Stored records

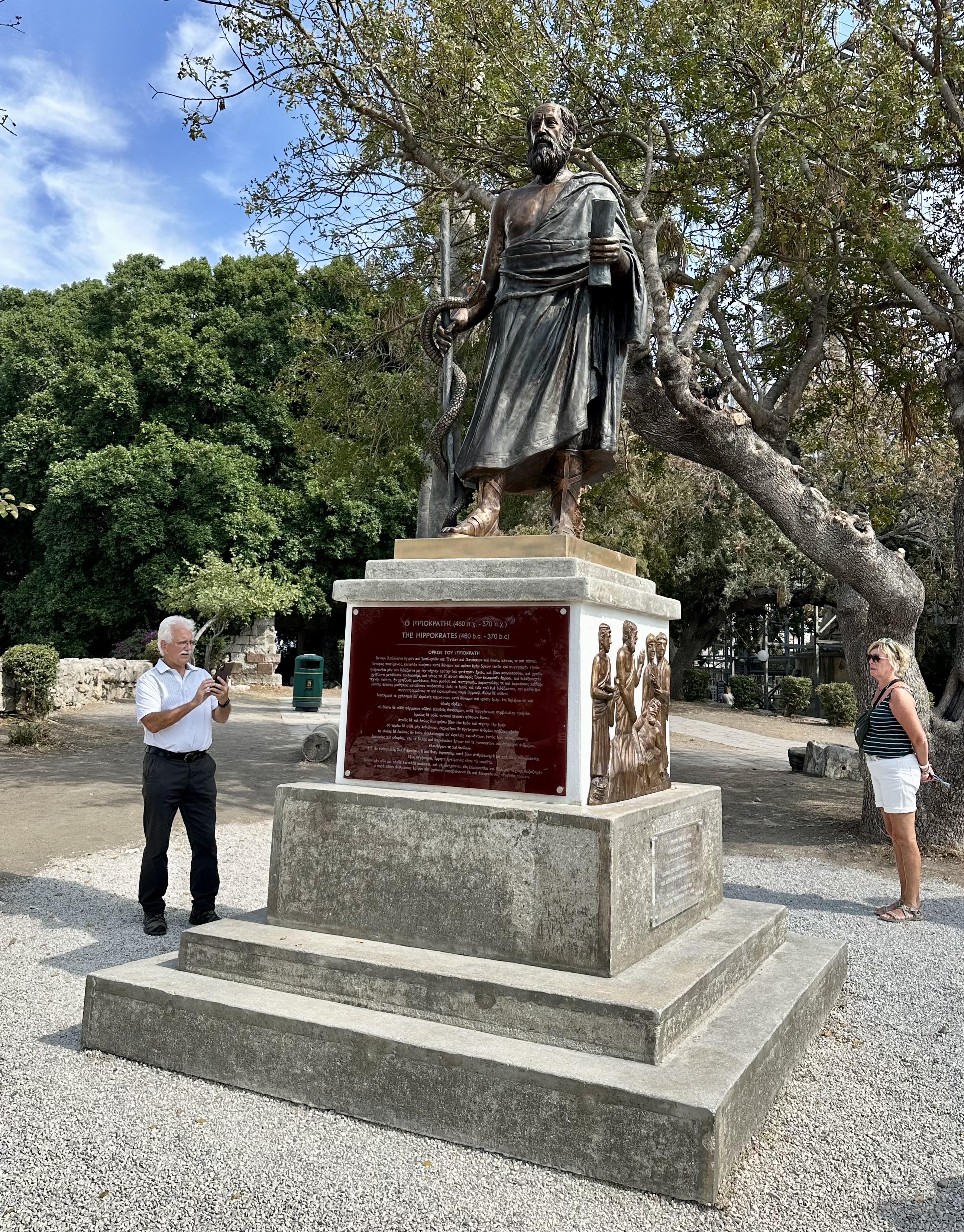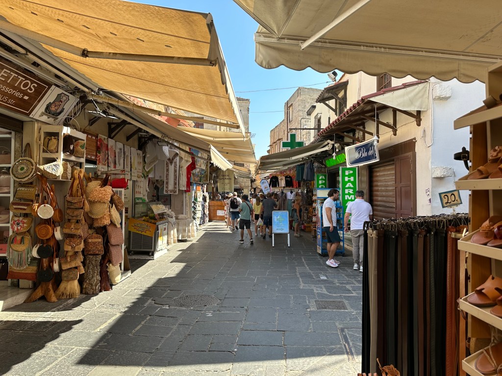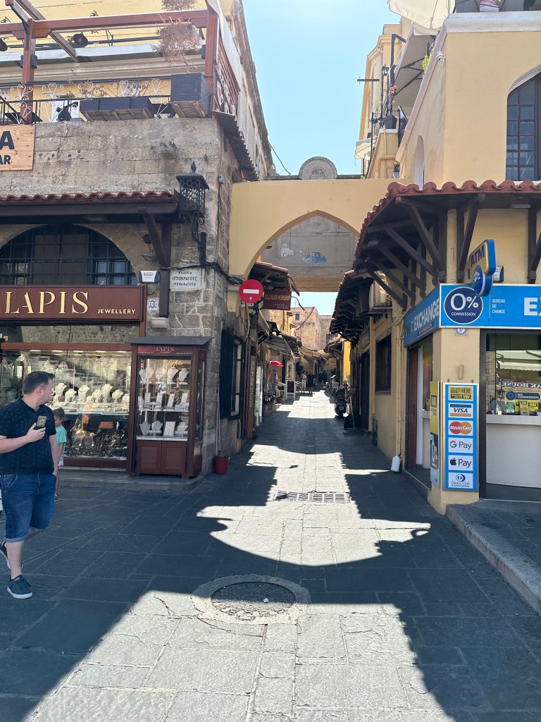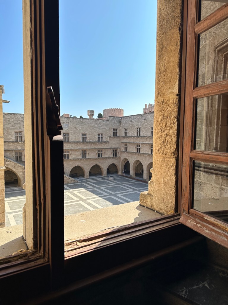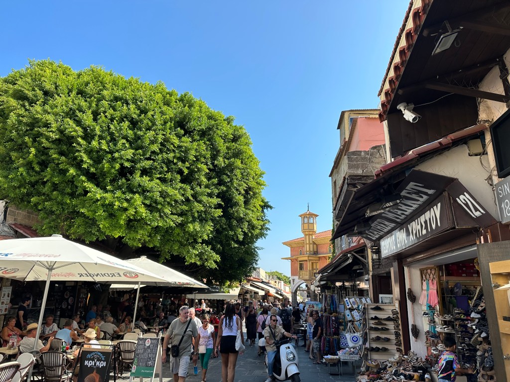 We marched up the steep incline of the Avenue of the Knights, with its pebbled cobblestones, to the Palace of the Grand Master. The Old Town owes its present-day appearance mainly to the Knights of St. John from the 14th and 15th centuries AD. The Knights closely followed the city’s Hippodamean grid plan, and sometimes, some streets follow the exact route of the 5th century BC streets. The main street today, Sokratous Street, was also the main commercial street in the Hellenistic period.
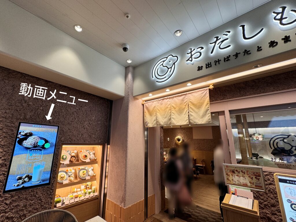 入口にはお店のロゴマークと暖簾。店頭では動画のメニューが流れ、食品サンプルも並びます。お店の中へどんどん人が吸い込まれていきます。あまり馴染みのない海外の方も「出汁動画」を見てから入店されています。
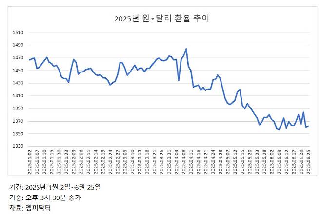 시장 전문가들은 하반기에도 달러가 약세를 나타낼 가능성이 높다고 전망한다. 관세 불확실성이 여전하고 트럼프 행정부의 공급망 재편이 가속화되고 있는 데다, 이로 인해 연방준비제도(Fed·연준)의 금리 인하 속도도 늦어질 수 있어서다.
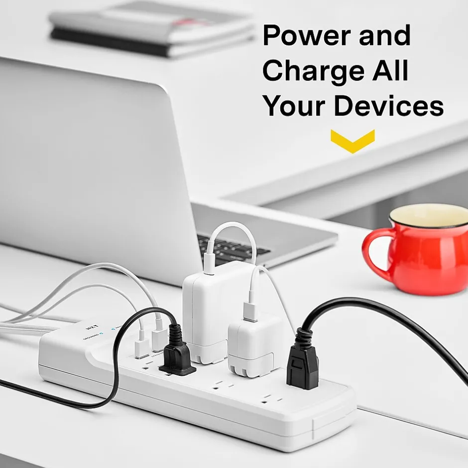 Protect electronics from dangerous energy spikes by using this surge protector. Eight AC outlets let you connect appliances or other electronics, while two USB ports let you charge mobile devices conveniently. Enjoy up to 2100 joules of power surge protection for your devices and data. This NXT Technologies™ surge protector features a compact design and a 6-foot braided cord for added durability, as well as cord management features to keep your cables clear and organized.
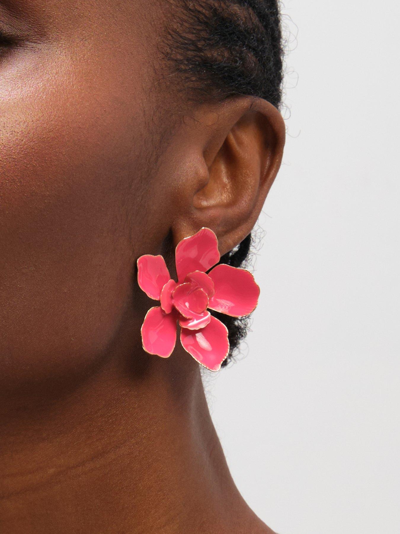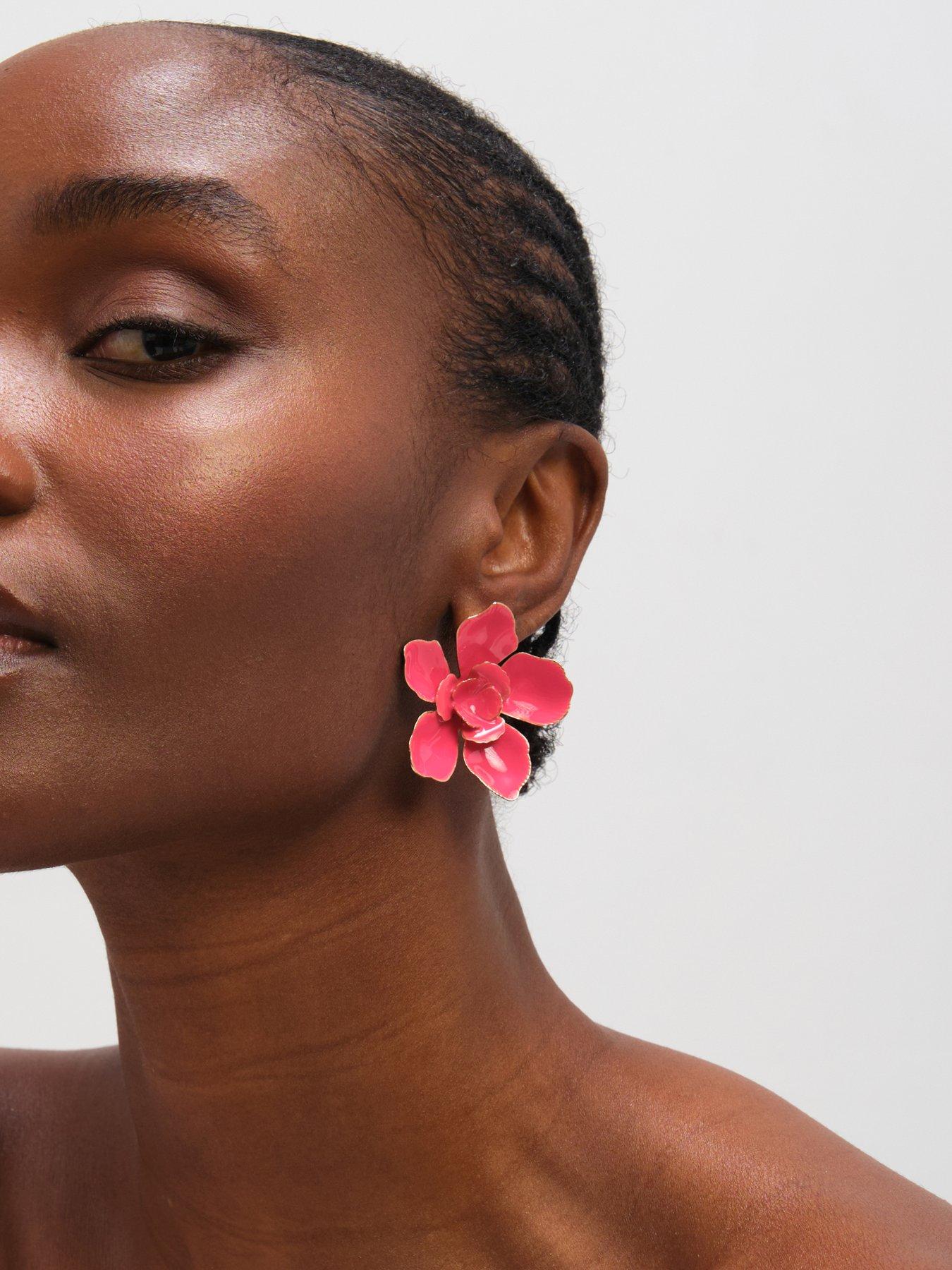 Mood MOOD GOLD PINK FLORAL EARRINGSOur Mood Gold Pink Floral Earrings are made to stand out this season, featuring a delicate and elegant, these earrings pair polished gold tones with soft pink floral detailing. Their fresh, feminine design adds a subtle touch of charm to any look, making them perfect for both everyday wear and special occasions. Fastening: Post and bullet back. Width dimension: 43mm, length dimension: 43mm. Material: Gold plated base metal.
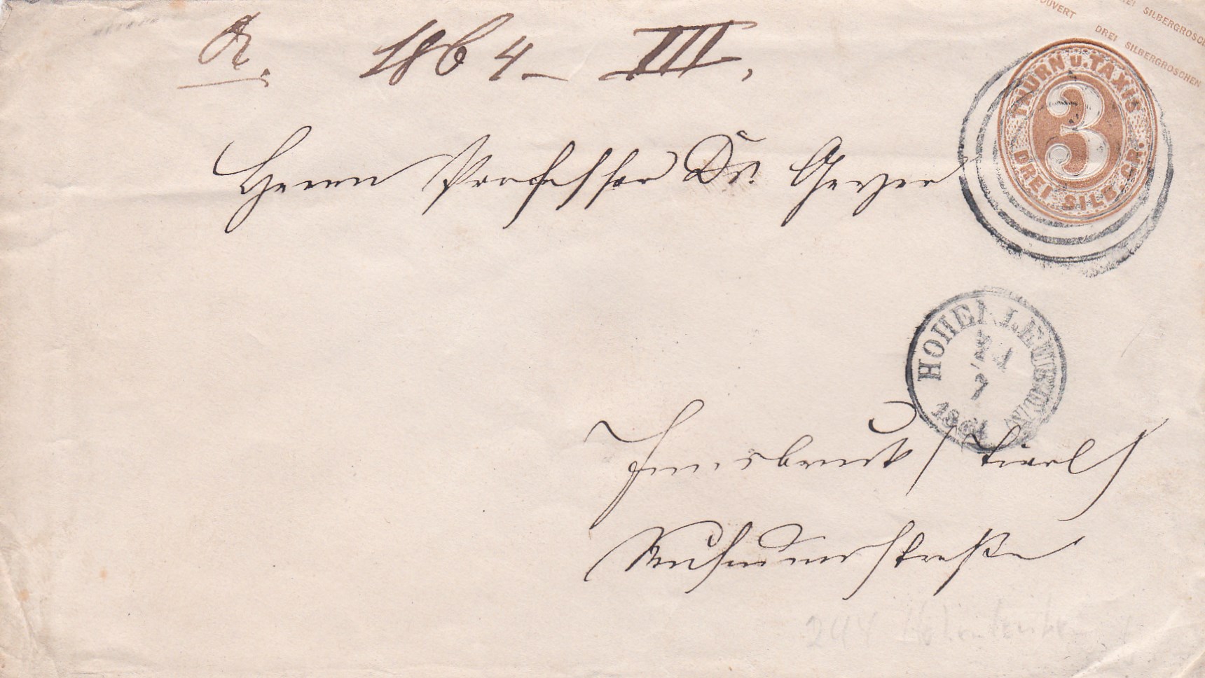 "294" zart nebst kleinem K1 "Hohenleuben" auf Ganzsache 3 Sgr.
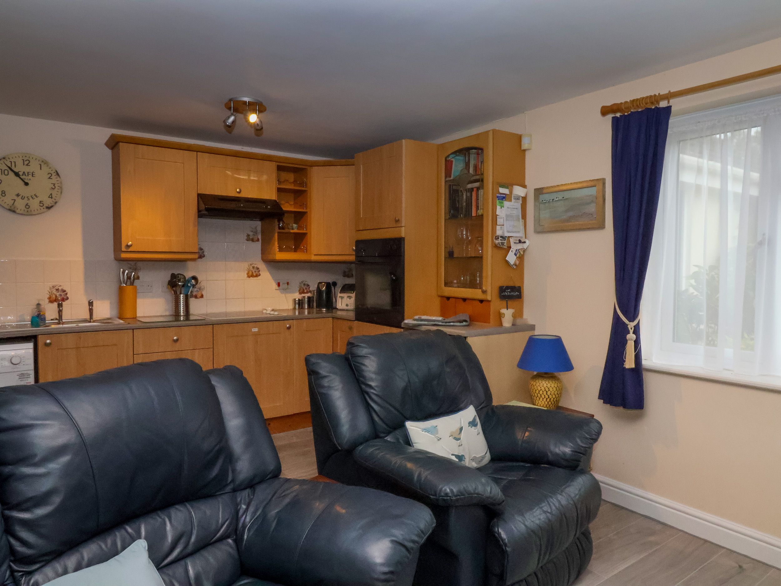 Accomodation Details One king-size bedroom. Bathroom with bath, shower over, basin, and WC. Open-plan living space with kitchen, dining area, and sitting area
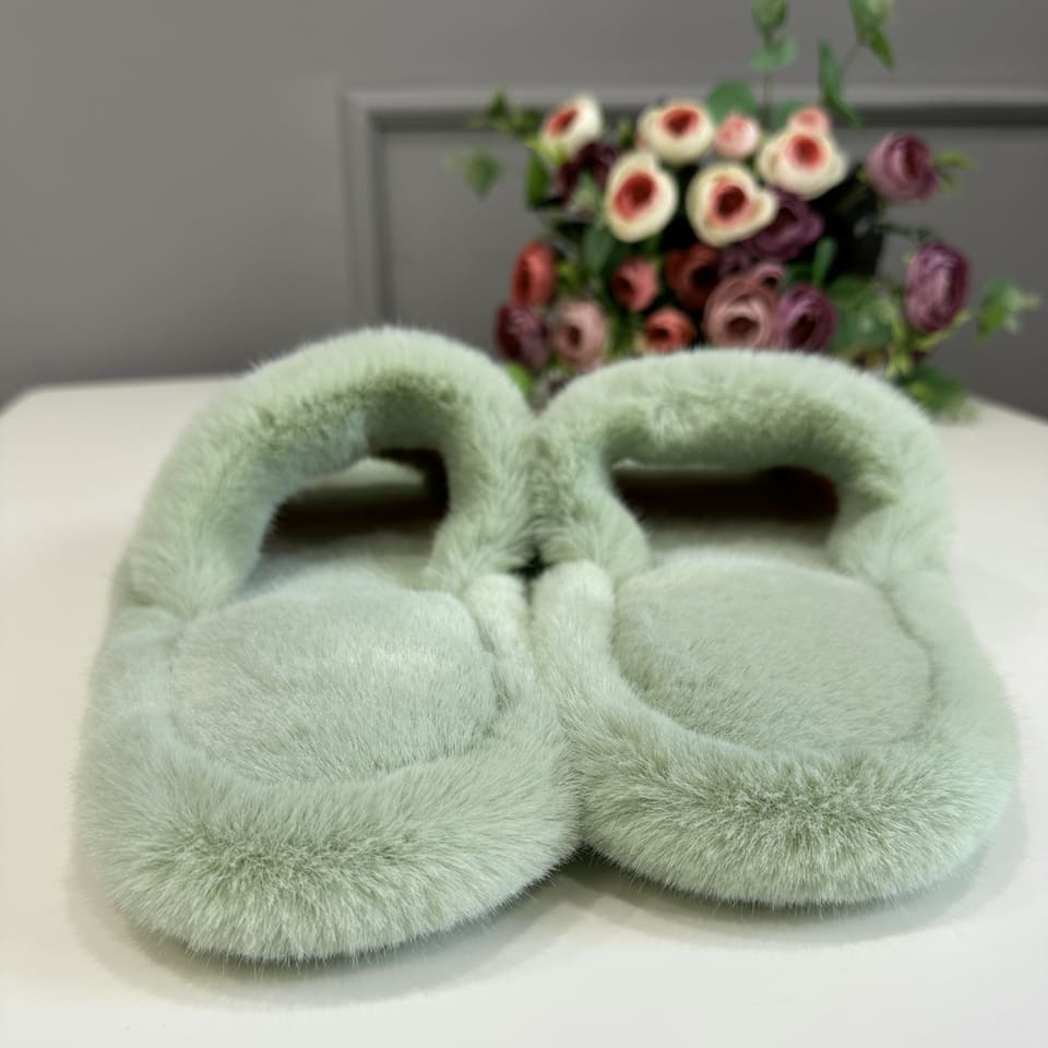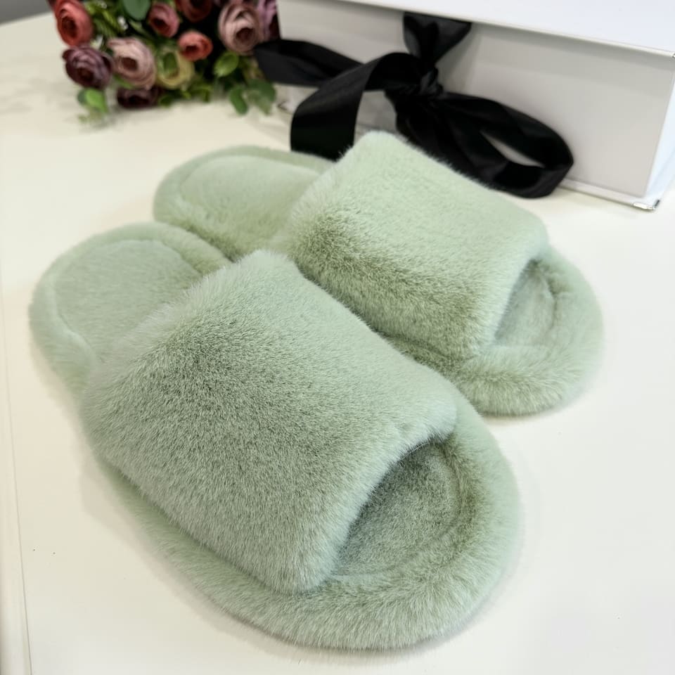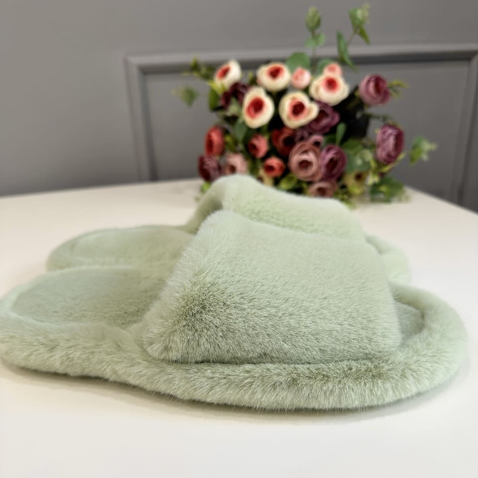 Тапочки из искусственного меха "Норка Премиум", с открытым носом (Фисташка, 41)
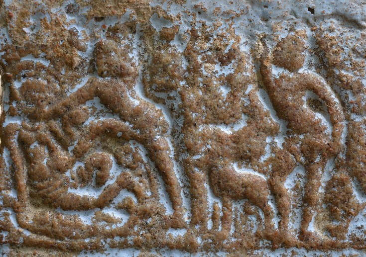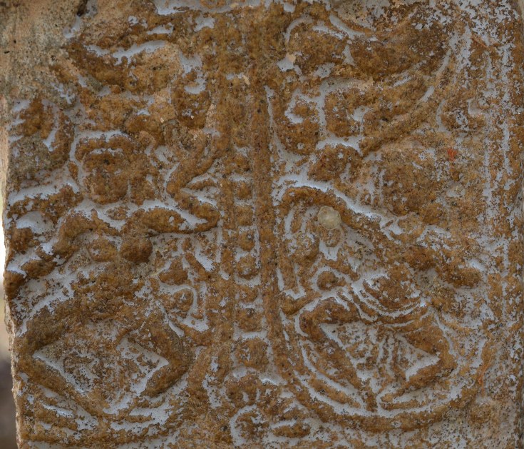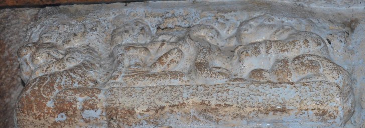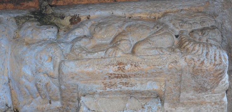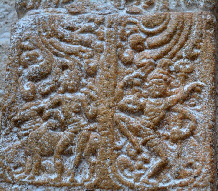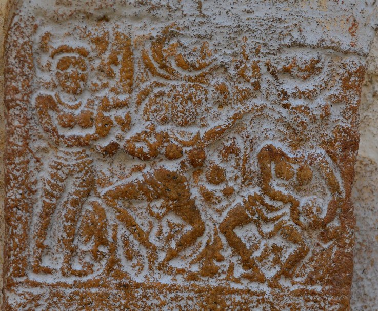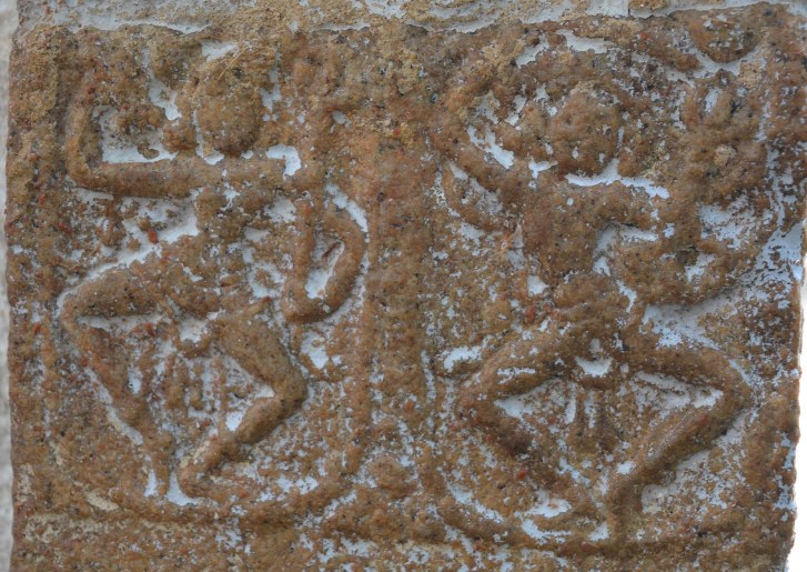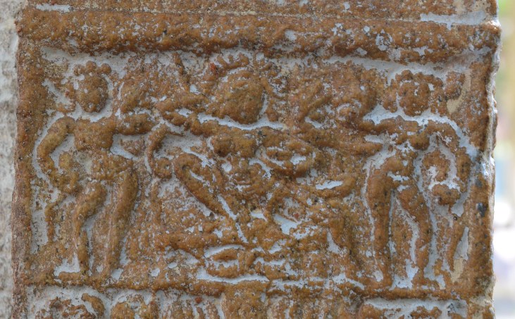 The south-east corner pilaster possesses miniatures both on the eastern and southern faces. Surpanakha’s nose chopping and Kovarthanagiri is depicted on the mala section of the eastern face. Though the miniatures are little worn out but the scenes can be clearly understood. In Kovarthanagiri the deity is standing with his right hand raised holding the hillock and the left hand stretching on his side, cattle are seen to his right. A short attire is visible in his lower body. In Surpanakha’s nose chopping scene, Lakshmana is seen with his left leg planted on the floor and the right leg lifted up and placed on Surpanakha to clutch her, his left hand is holding the face of Surpanakha and his right hand is raised up. His body posture shows the force that he exert. Surpanakha is shown seated on the floor with her left leg folded upright and the right leg stretched, her right hand is placed on the floor to balance herself to bear the thrust exerted by her opponent and the left hand is in protest.
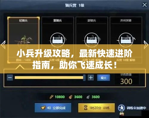 小兵升级是游戏中重要的环节之一,通过升级可以提升小兵的战斗能力,解锁新的技能,使其在战场上更加强大,本文将为大家带来最新的“小兵升级攻略”,帮助大家快速掌握小兵升级的技巧和方法,轻松进阶。
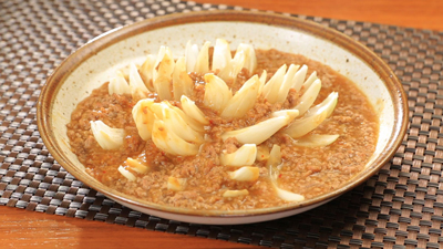 - 加熱した玉ねぎに麻婆のあんをかける。

- _Exercise goal_
What you give back should match the entries above exactly, except that pictures are dropped.

- _Solution below_
 We marched up the steep incline of the Avenue of the Knights, with its pebbled cobblestones, to the Palace of the Grand Master. The Old Town owes its present-day appearance mainly to the Knights of St. John from the 14th and 15th centuries AD. The Knights closely followed the city’s Hippodamean grid plan, and sometimes, some streets follow the exact route of the 5th century BC streets. The main street today, Sokratous Street, was also the main commercial street in the Hellenistic period.
 入口にはお店のロゴマークと暖簾。店頭では動画のメニューが流れ、食品サンプルも並びます。お店の中へどんどん人が吸い込まれていきます。あまり馴染みのない海外の方も「出汁動画」を見てから入店されています。
 시장 전문가들은 하반기에도 달러가 약세를 나타낼 가능성이 높다고 전망한다. 관세 불확실성이 여전하고 트럼프 행정부의 공급망 재편이 가속화되고 있는 데다, 이로 인해 연방준비제도(Fed·연준)의 금리 인하 속도도 늦어질 수 있어서다.
 Protect electronics from dangerous energy spikes by using this surge protector. Eight AC outlets let you connect appliances or other electronics, while two USB ports let you charge mobile devices conveniently. Enjoy up to 2100 joules of power surge protection for your devices and data. This NXT Technologies™ surge protector features a compact design and a 6-foot braided cord for added durability, as well as cord management features to keep your cables clear and organized.
 Mood MOOD GOLD PINK FLORAL EARRINGSOur Mood Gold Pink Floral Earrings are made to stand out this season, featuring a delicate and elegant, these earrings pair polished gold tones with soft pink floral detailing. Their fresh, feminine design adds a subtle touch of charm to any look, making them perfect for both everyday wear and special occasions. Fastening: Post and bullet back. Width dimension: 43mm, length dimension: 43mm. Material: Gold plated base metal.
 "294" zart nebst kleinem K1 "Hohenleuben" auf Ganzsache 3 Sgr.
 Accomodation Details One king-size bedroom. Bathroom with bath, shower over, basin, and WC. Open-plan living space with kitchen, dining area, and sitting area
 Тапочки из искусственного меха "Норка Премиум", с открытым носом (Фисташка, 41)
 The south-east corner pilaster possesses miniatures both on the eastern and southern faces. Surpanakha’s nose chopping and Kovarthanagiri is depicted on the mala section of the eastern face. Though the miniatures are little worn out but the scenes can be clearly understood. In Kovarthanagiri the deity is standing with his right hand raised holding the hillock and the left hand stretching on his side, cattle are seen to his right. A short attire is visible in his lower body. In Surpanakha’s nose chopping scene, Lakshmana is seen with his left leg planted on the floor and the right leg lifted up and placed on Surpanakha to clutch her, his left hand is holding the face of Surpanakha and his right hand is raised up. His body posture shows the force that he exert. Surpanakha is shown seated on the floor with her left leg folded upright and the right leg stretched, her right hand is placed on the floor to balance herself to bear the thrust exerted by her opponent and the left hand is in protest.
 小兵升级是游戏中重要的环节之一,通过升级可以提升小兵的战斗能力,解锁新的技能,使其在战场上更加强大,本文将为大家带来最新的“小兵升级攻略”,帮助大家快速掌握小兵升级的技巧和方法,轻松进阶。
 - 加熱した玉ねぎに麻婆のあんをかける。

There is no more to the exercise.